- **Task objective**
Repeat nothing but the line that contains "1- در فروشگاه" and the lines after it, through the end of the listing, exactly as they stand; omit pictures.

BEGIN Data

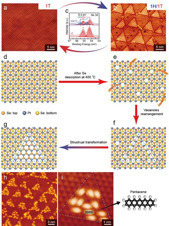 中科院物理研究所高鸿钧院士领导的联合研究团队在新型二维原子晶体材料及其功能化的研究中获得了突破性进展[Nature Materials 16, 717 (2017)]。他们发展了一种构建纳米级精准规则图案的方法,首次构筑了两种基于过渡金属硫族化合物的纳尺度的自然图案材料:一种是具有交替三角形拼图图案的1H/1T型单层二硒化铂(1H/1T-PtSe2),另一种是具有周期排列三角形孔洞的单层硒化铜(CuSe)。进一步将分子和原子分别沉积到这两种材料表面的实验显示这两种二维原子晶体材料具有选择性功能化的特性。单层二硒化铂(PtSe2)具有两种构型,八面体型(1T)和三棱柱型(1H)。在此工作之前,2015年该研究组利用直接硒化 Pt(111)基底的方法,制备出了高质量半导体性质的1T型单层二硒化铂(1T-PtSe2)单晶薄膜[Nano Lett. 15, 4013 (2015)]。在此工作基础上,他们通过对1T型单层二硒化铂薄膜(1T-PtSe2)进行退火处理(基底400),使其表面形成硒原子空位缺陷,空位缺陷重新排列得到了三角形图案化的1H/1T-PtSe2单层薄膜。进一步对1H/1T-PtSe2薄膜补充硒原子并在较低温度下(基底 270) 退火,可以获得纯的1T-PtSe2薄膜,从而实现了1H/1T-PtSe2薄膜和1T-PtSe2薄膜之间的可逆转变。1T结构具有半导体性质,1H结构具有金属性质;1T/1H结构之间的界面原子级平整,可提供未来器件应用中理想的金属-半导体结构。此外,类似于传统半导体中的掺杂工艺,可以使半导体1T区域表现为电子富集(N型)或者缺乏(P型)。比如,沉积的并五苯(C22H14)分子只吸附在1H区域,这可能会改变这些金属性的区域,由此导致相邻的半导体性1T区域的电子增加或者减少,即实现掺杂。为了验证该材料潜在的功能化特性,他们将并五苯(Pentacene)分子沉积到1H/1T-PtSe2表面,发现并五苯分子选择性吸附在三角形的1H-PtSe2区域。
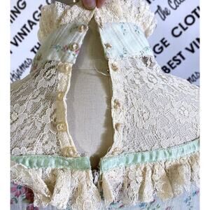 VTG Floral Dress Cottagecore Prairie Romantic Green Mini Print Victorian 70s
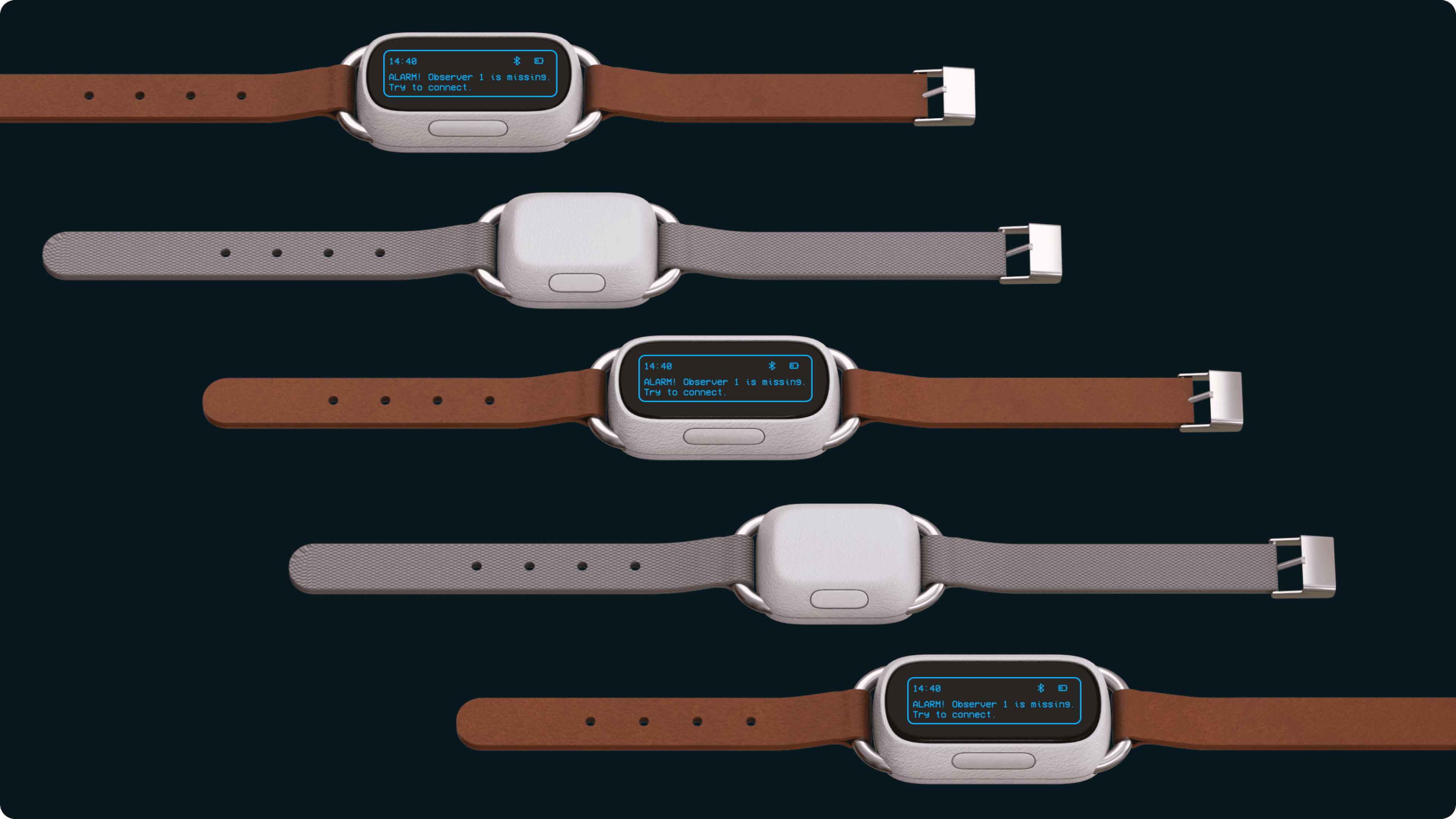 AirPair focuses on the prevention of a loss occurrence by directing critical alerts to a dedicated wearable device. This increases reaction time when seconds may count. Beacon sends its location data to Observer to determine the distance between devices. When the Beacon leaves a certain area (when the distance between Observer and Beacon is bigger than allowed), the Observer starts vibrating, thus notifying the user about it. The distance allowed between the Observer and Beacon devices is configured and controlled by the mobile app.
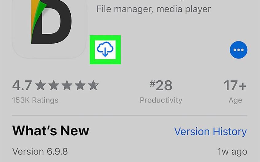 1- در فروشگاه اپل یا اپ استور ( App Store )، عبارت Readdle را جستجو و اپلیکیشن Documents by Readdle را مطابق تصویر زیر، دانلود و نصب کنید.
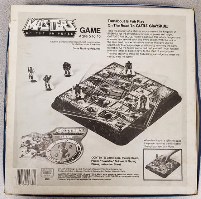 Packaged in a box featuring a Battlecat-mounted He-Man mid-battle with arch-nemesis Skeletor on the cover, the game itself comes in 3 separate sections: A colored plastic game base, a printed cardboard game board, and a clear plastic turntable. The game board is placed on top of the plastic base, and the turntable placed directly on top of the game board.

END Data

- **Reply to the exercise**
 1- در فروشگاه اپل یا اپ استور ( App Store )، عبارت Readdle را جستجو و اپلیکیشن Documents by Readdle را مطابق تصویر زیر، دانلود و نصب کنید.
 Packaged in a box featuring a Battlecat-mounted He-Man mid-battle with arch-nemesis Skeletor on the cover, the game itself comes in 3 separate sections: A colored plastic game base, a printed cardboard game board, and a clear plastic turntable. The game board is placed on top of the plastic base, and the turntable placed directly on top of the game board.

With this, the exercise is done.